Dictionary keys must be unique, so duplicates are removed automatically. Then list(...) turns those keys back into a list.
Why beginners like this method
- it is short
- it keeps order
- it works well for common cleanup tasks
If dictionaries are new to you, see Python dictionaries explained.
Example 3: Build a unique list with a loop
A loop is longer, but it helps you understand the logic step by step.
data = ["apple", "banana", "apple", "orange", "banana"]
unique_data = []
for item in data:
if item not in unique_data:
unique_data.append(item)
print(unique_data)
Output:
['apple', 'banana', 'orange']
How it works
- start with an empty list called
unique_data - go through each item in
data - check whether the item is already in
unique_data - if not, add it
This approach is useful when you want custom rules. For example, you might want to ignore case or skip empty values.
Here is a simple case-insensitive version:
data = ["Apple", "banana", "apple", "Orange", "BANANA"]
unique_data = []
seen = set()
for item in data:
normalized = item.lower()
if normalized not in seen:
seen.add(normalized)
unique_data.append(item)
print(unique_data)
Output:
['Apple', 'banana', 'Orange']
When each method is a good choice
Use set() when:
- you want the shortest solution
- order does not matter
- you only need unique values quickly
Use dict.fromkeys() when:
- you want to preserve the original order
- you want a short and readable solution
- you are cleaning list data in a beginner script
Use a loop when:
- you want to learn how duplicate removal works
- you need custom rules
- you want more control over the logic
Beginner notes
These methods work best with lists that contain hashable values, such as:
- strings
- numbers
- tuples
Be careful with these cases:
- a list of dictionaries cannot be directly turned into a set
dict.fromkeys()also needs hashable values"Apple"and"apple"are different unless you normalize them first
Example of normalization:
data = ["Apple", "apple", "BANANA", "banana"]

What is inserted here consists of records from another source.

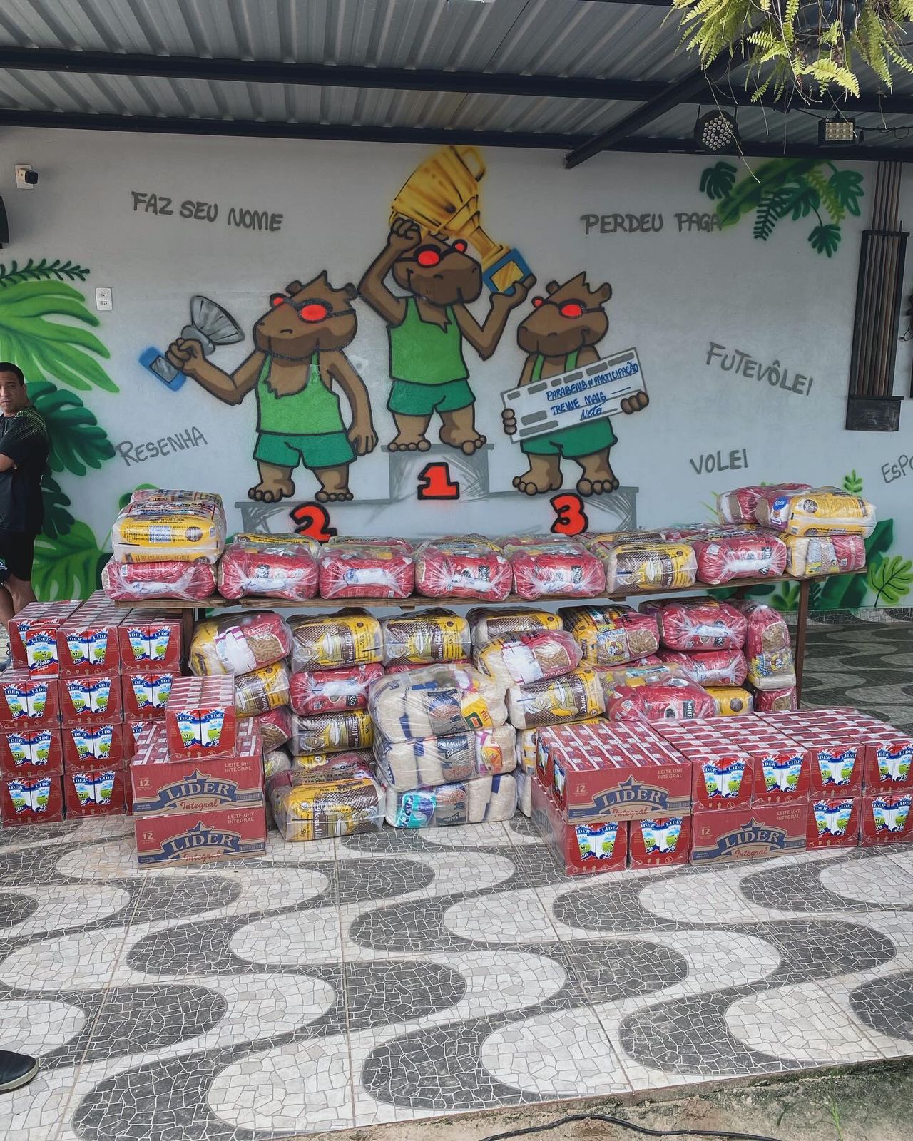 A casa de Missão Guadalupe recebeu a doação de 70 cestas básicas e 40 caixas de leite da Represa Arena Beach, por meio de ação solidária realizada pelo casal Neto e Tainá Bressan proprietários da empresa de esportes na areia.
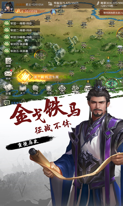 一款融合日常休闲策略玩法与小局制多人对战攻城的战国策略游戏,独特设计的战斗机制与攻城机制,可轻松搜集历史名将,与多人对战,攻城略地乃至一统天下,提升官职,封王称帝。
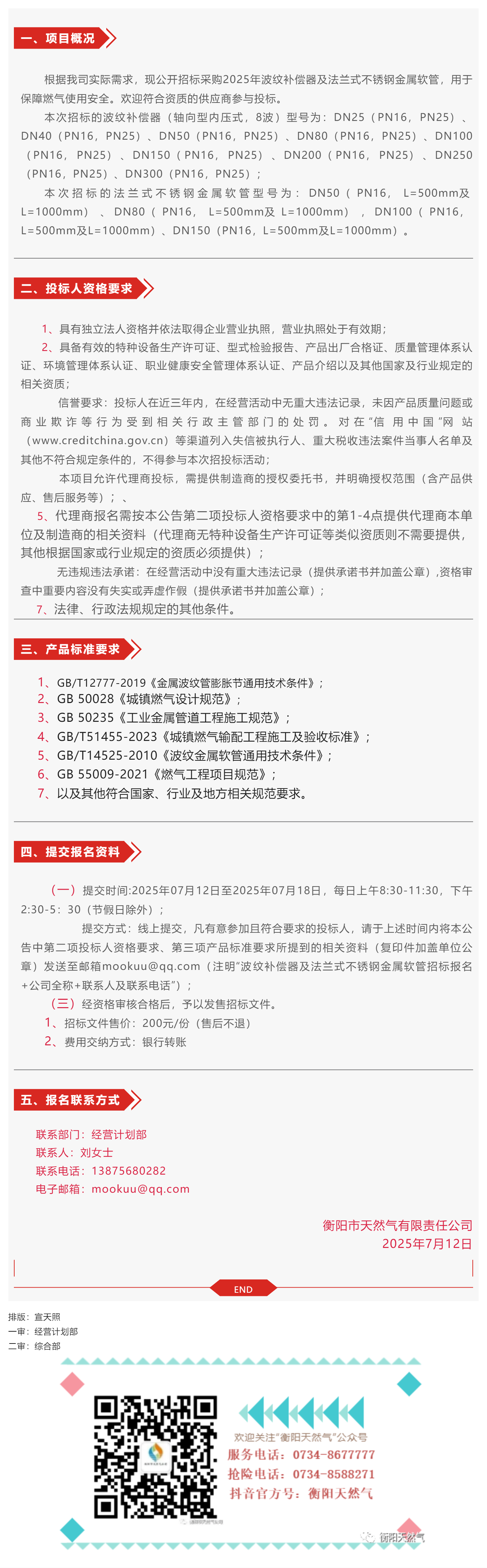 招標公告丨衡陽(yáng)市天然氣有限責任公司2025年波紋補償器及法蘭式不銹鋼金屬軟管采購招標公告
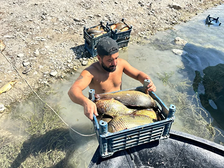 Çemişgezek ilçesinde Keban Baraj Gölü’nde çocuk yaşta başladığı balıkçılığı sürdüren Onur Ulaş Demir, kavurucu sıcakta günün büyük kısmını teknede geçirerek balık avlıyor.
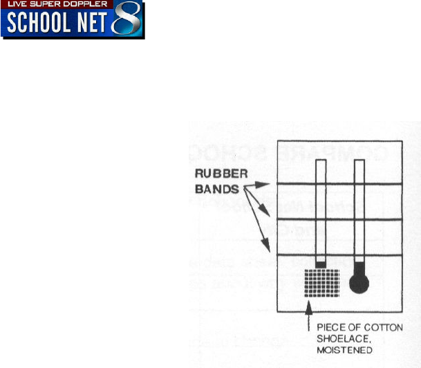 LESSON 10 thermometers, wide cotton shoelace, large piece cardboard, 3 rubber bands, scissors, water

normalized_unique = list(dict.fromkeys(item.lower() for item in data))
print(normalized_unique)
Output:
['apple', 'banana']
If you are doing broader cleanup work, this may also help: Python data cleaning script example.
Common mistakes
Here are some common problems beginners run into.

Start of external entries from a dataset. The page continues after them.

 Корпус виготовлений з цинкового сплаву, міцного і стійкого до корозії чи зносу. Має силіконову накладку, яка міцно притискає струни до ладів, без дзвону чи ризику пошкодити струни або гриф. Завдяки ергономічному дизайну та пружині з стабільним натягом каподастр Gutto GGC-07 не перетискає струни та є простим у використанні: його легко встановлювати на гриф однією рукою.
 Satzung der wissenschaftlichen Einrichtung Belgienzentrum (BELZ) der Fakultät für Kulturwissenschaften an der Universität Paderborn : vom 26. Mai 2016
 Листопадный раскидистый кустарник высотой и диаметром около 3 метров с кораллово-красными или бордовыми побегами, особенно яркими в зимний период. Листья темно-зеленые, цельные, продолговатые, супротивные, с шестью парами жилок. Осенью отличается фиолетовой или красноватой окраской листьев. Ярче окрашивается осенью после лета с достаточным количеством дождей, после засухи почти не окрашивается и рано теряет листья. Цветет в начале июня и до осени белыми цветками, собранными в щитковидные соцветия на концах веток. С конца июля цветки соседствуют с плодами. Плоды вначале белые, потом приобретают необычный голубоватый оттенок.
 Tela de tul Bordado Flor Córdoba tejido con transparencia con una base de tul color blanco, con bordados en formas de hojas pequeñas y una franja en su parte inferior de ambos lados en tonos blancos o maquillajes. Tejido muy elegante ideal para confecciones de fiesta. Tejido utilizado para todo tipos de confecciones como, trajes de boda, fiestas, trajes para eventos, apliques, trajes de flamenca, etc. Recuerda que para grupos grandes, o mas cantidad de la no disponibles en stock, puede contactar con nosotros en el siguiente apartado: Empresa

Using set() and expecting the original order to stay the same
This will remove duplicates, but the order may change:
data = ["apple", "banana", "apple", "orange"]
print(list(set(data)))
If order matters, use:
print(list(dict.fromkeys(data)))
Trying to remove duplicates from a list of dictionaries with set()
This causes an error because dictionaries cannot be added to a set.

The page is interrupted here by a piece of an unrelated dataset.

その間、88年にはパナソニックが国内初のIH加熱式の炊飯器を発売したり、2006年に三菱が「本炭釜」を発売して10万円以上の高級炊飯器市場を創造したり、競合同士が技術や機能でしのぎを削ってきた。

data = [{"name": "Alice"}, {"name": "Alice"}]
# set(data) # This will fail
If you need to work with more complex data, you usually have to compare a specific field yourself with a loop.
Not normalizing values like "Apple" and "apple"
Python treats them as different strings:
data = ["Apple", "apple"]
print(list(dict.fromkeys(data)))
Output:
['Apple', 'apple']
Normalize first if needed:
data = ["Apple", "apple"]
print(list(dict.fromkeys(item.lower() for item in data)))
Forgetting to convert the result back to a list after using set()
This:
data = ["apple", "banana", "apple"]
unique_data = set(data)
print(unique_data)
gives you a set, not a list.
If you need a list, write:
unique_data = list(set(data))
FAQ
What is the easiest way to remove duplicates from a Python list?
Use set(your_list) if order does not matter. Use list(dict.fromkeys(your_list)) if you want to keep the original order.
Does set() keep the same order as the original list?
No. A set removes duplicates, but it does not guarantee the same order as the original list.
How do I remove duplicates and keep order in Python?
Use list(dict.fromkeys(data)). It keeps the first occurrence of each value.
Can I use set() on a list of dictionaries?
No. Dictionaries are mutable and cannot be added to a set directly.